Условия жизни и быта. Гарнизонные «партизаны»

Нам повезло, за десять лет службы первый экипаж подводной лодки «К-423» все торпедные и ракетные стрельбы выполнял с положительными оценками и получал необходимые зачеты по боевой и практической подготовке. Другим экипажам такого везения не было. Получив ряд двоек по торпедным или ракетным стрельбам, экипаж снимался с корабля и на полгода отправлялся в учебный центр, расположенный в Палдиски. Конечно, я не занимал высоких командных должностей на подводной лодке, но отчетливо понимал, что причина неудовлетворительных оценок по ракетным и торпедным стрельбам кроется не в том, что экипажи слабо подготовлены, а в том, что им физически не давали в условиях гарнизона нормально подготовиться к практическим стрельбам, отвлекая их на гарнизонные работы и наряды. Наш экипаж провел обучение в учебном центре Палдиски лишь однажды, после своего формирования в 1968 году. Когда мы прибыли в начале 1970 года в гарнизон, чтобы закрепить теоретическую подготовку практической отработкой в качестве дублеров действующих корабельных экипажей, то в гарнизоне было всего только 20 жилых домов. Проблема с жильем для корабельного состава действующих экипажей подводных лодок была просто катастрофической. Жилье строили военные строители, которых в гарнизоне называли «партизанами». Это действительно был крайне недисциплинированный и разболтанный отряд военных строителей. Солдат из этого отряда можно было встретить в любое время суток блуждающими по военному городку группами или поодиночке в совершенно расхлябанном виде. Они крали с объектов строительства все, что плохо лежит, и продавали за спирт жителям поселка. За десять лет моей службы в гарнизоне Гаджиево военные строители построили 30 типовых пятиэтажек, на два подъезда каждая, но дефицит жилищного фонда так и не был устранен. Я совершенно убежден, что если бы командование ВМФ прислало вместо военных строителей для возведения жилых домов гарнизона гражданских строителей, то темпы строительства были бы многократно увеличены, а государству это обошлось бы значительно дешевле. Нельзя забывать, что эти блуждающие по гарнизону «партизаны» разлагающе действовали и на дисциплину матросов срочной службы плавсостава, а также на офицеров и мичманов, проживающих в гарнизоне. Вольно или невольно, но они приучали человека к воровству, так как всю сантехнику, краски, цемент, обои и другие отделочные материалы для ремонта своих квартир жители гарнизона были вынуждены покупать у «партизан».

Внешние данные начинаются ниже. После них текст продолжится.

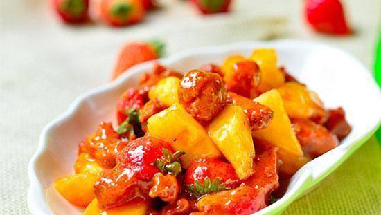材料:鸡胸肉160克,菠萝200克,草莓10个,炸鸡粉15克,黄酒1/2汤匙,番茄酱3汤匙,白醋1/2汤匙,生抽1/2汤匙白糖、水1汤匙、植物油500克、干淀粉1汤匙、面粉2汤匙。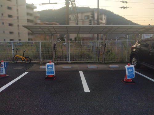 表示系が一切無くインジケータのみが頼りだが、ガンをさしてカード認証後充電が開始された。南延岡駅が近いので電車好きなら日豊本線の電車を眺めつつ充電を待つのも一興。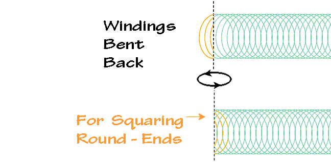 For complete winding coverage, over the expanse of the core-surfaces, (in next image), illustrates a method for bending windings. This feature can actually be done fairly easily in real life. However adding this feature to these models is omitted, here. An important note: This bending axis, (dashed line), will be at the ends of each core-- in case increased inductance is sought for.

Был такой случай. У командира корабля треснул в квартире унитаз, и он, выдав три литра спирта мичману со своего экипажа, приказал ему найти и установить в квартире новый унитаз взамен треснувшего. Вечером командир увидел новый сверкающий унитаз и отпустил мичмана на корабль. Через час раздался звонок в дверь квартиры. На пороге стоял «партизан» или военный строитель, который попросил пропустить его в туалет для осмотра только что установленного унитаза. Пройдя в туалет, «партизан» молотком расколотил унитаз в мелкие кусочки, а на вопрос командира корабля, зачем он это сделал, пояснил, что мичман не рассчитался с ним за сам унитаз и за сделанную работу. Оказывается, мичман обещал выдать солдату-партизану литр спирта, а когда тот выполнил работу, то просто выгнал его, решив использовать весь полученный спирт для собственных нужд. Вот за жадность и лживость своего подчиненного командир и получил возмездие в виде уничтоженного унитаза. Такие бытовые истории мелкого воровства и постепенного растекания этой заразы по гарнизону можно приводить до бесконечности. Командование и политотдел флотилии по своему служебному положению не могли не видеть всех этих безобразий и принять меры, чтобы заменить «партизан» гражданскими строителями. Но видимо, духовное разложение моряков корабельного состава входило в тайные планы политического руководства страны, поэтому никаких конструктивных реформ по улучшению бытовых условий плавсостава и освобождения его от тяжкой кабалы гарнизонных работ и нарядов, мешающих исполнению прямых стратегических функциональных обязанностей, не происходило. Наоборот, с каждым годом обстановка с пьянством, воровством и грубыми нарушениями дисциплины в гарнизоне ухудшалась. Вместо реальных изменений к лучшему происходило увеличение физических и психических нагрузок на боевые экипажи подводных лодок, которые были связаны не столько с плотным графиком несения боевых служб и патрулирований, сколько с распылением сил корабельных составов на второстепенные наряды и работы.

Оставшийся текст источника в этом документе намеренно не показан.